Pantasks Controller Interactions

(Up to the IPP Description Page)

Pantasks interacts with a parallel job manager. The current version is 'pcontrol', but we would like to allow interactions with condor as well. This file documents the pantasks / controller interactions and the requirements for implementing a condor (or other) interface.

Some terminology

  • controller : the abstract concept of the software or system which manages parallel jobs for pantasks.
  • pcontrol : the default (Ohana-native) controller implementation

Pantasks Controller Commands

The following commands are available within the pantasks shell to send commands to the controller. Within the pantasks shell, these are invoked with "controller (command) [options]". When running the pcontrol shell on its own, these commands are called directly.

check job (jobID)

check on the status of a single job. the jobID is an integer value1. The return is a block of information giving the status and some other infomation.

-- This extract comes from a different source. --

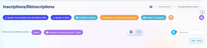 Depuis le menu Inscriptions / Réinscriptions du module Communication, je peux paramétrer mes campagnes, en cliquant sur la roue crantée située en haut à droite de l’écran.
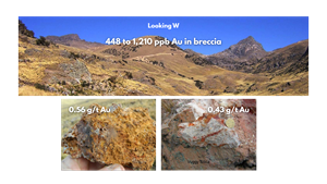 Pucarini Project high sulfidation epithermal alteration with anomalous gold in surface rock geochemistry

For 'job', the return is of the form:

STATUS (status)
EXITST (Nexit)
STDOUT (Nbytes)
STDERR (Nbytes)
DTIME  (elapsed time)

where

  • (status) is one of PENDING, BUSY, DONE, EXIT, CRASH
  • (Nexit) is the exit status of the command (ie, as if it were run on the UNIX command line).
  • (Nbytes) is the size of the standard out and standard error buffers from the job
  • (elapsed time) is the number of seconds it took to run the command; this is only set on exit.

check host (hostID)

check on the status of a single job or host. the jobID or hostID is an integer value1. The return is a block of information giving the status and some other infomation.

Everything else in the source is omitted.